9router vs free-claude-code
Self-hosted gateway pointing any AI coding CLI (Claude Code, Codex, Cursor, Cline) at 40+ providers, with subscription→cheap→free auto-fallback and tool_result compression for 20-40% token savings. — versus — Provider-backed proxy that runs Claude Code, Codex or Pi on 25 cloud and local providers — fcc-* launchers, local Admin UI with validation, per-tier model routing, IDE/Discord/Telegram hookups.
Both are self-hosted gateways pointing Claude Code/Codex-class CLIs at many providers. 9router leans on routing policy (subscription→cheap→free fallback, token compression); FCC leans on UX — launchers, validation UI, native model-picker integration, IDE configs.

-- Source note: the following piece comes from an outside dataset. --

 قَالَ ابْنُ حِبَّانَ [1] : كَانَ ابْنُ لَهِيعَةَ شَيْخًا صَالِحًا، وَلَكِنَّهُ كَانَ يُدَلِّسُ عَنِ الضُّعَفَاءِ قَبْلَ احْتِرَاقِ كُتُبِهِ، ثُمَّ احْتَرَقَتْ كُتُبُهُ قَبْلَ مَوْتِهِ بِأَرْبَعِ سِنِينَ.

| 9router | free-claude-code | |
|---|---|---|
| Stars | 22k | 40k |
| Forks | 3.8k | 6.6k |
| Language | JavaScript | Python |
| License | MIT | MIT |
| Last activity | 6 days ago | today |
| Topics | gateway, coding | gateway |
| Curated connections | 5 | 2 |
9router — the curator's take
The 'never hit a rate limit again' gateway: run it on localhost, point Claude Code / Codex / Cursor / Cline / Copilot at its OpenAI-compatible endpoint, and it round-robins your accounts and cascades Subscription → cheap ($0.2-0.6/1M) → free (Kiro, OpenCode) providers so a job never dies mid-flight, while RTK compresses tool_result payloads (git diff, grep, ls) to shave 20-40% of tokens. Best when you juggle several provider subscriptions/keys and keep exhausting quota. NOT for you if you want one stable premium model (free-tier fallbacks vary in quality/availability), if routing traffic through third-party free providers raises data-privacy concerns, or if you want savings from smarter code retrieval rather than payload compression. Overlaps heavily with lynkr — pick 9router for free/multi-account fallback breadth, lynkr for tool-stripping, semantic caching and local-model routing.

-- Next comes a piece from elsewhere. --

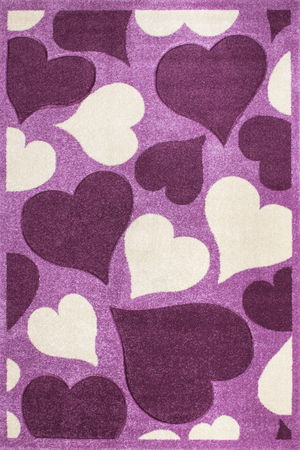 Koberec Amigo 300 Violet si Vás získá módními a hravými barvami, odolností a vysoce kvalitním zpracováním. Vzor koberce tvoří vkusně navrženy srdce v bílé a purpurové barvě. Vyroben je ze 100 % polypropylenu - heatset - frisée.

free-claude-code — the curator's take
40k stars because it nails onboarding: one installer, `fcc-server` + `fcc-claude`, paste an NVIDIA NIM key and Claude Code runs for free — the Admin UI validates providers, and the agents' NATIVE /model pickers see the whole FCC catalog. Tier routing is the power feature: send Opus traffic to Kimi, Sonnet to an OpenRouter free route, Haiku to a local LM Studio model. Local models (Ollama, llama.cpp, LM Studio) are first-class. NOT a quota-stacker — you pick a provider rather than multiplex free tiers with failover (that's freellmapi's job), and expect capability drift vs real Anthropic models on complex agentic work. Discord/Telegram remote sessions with voice-note transcription are a genuinely odd, genuinely useful extra.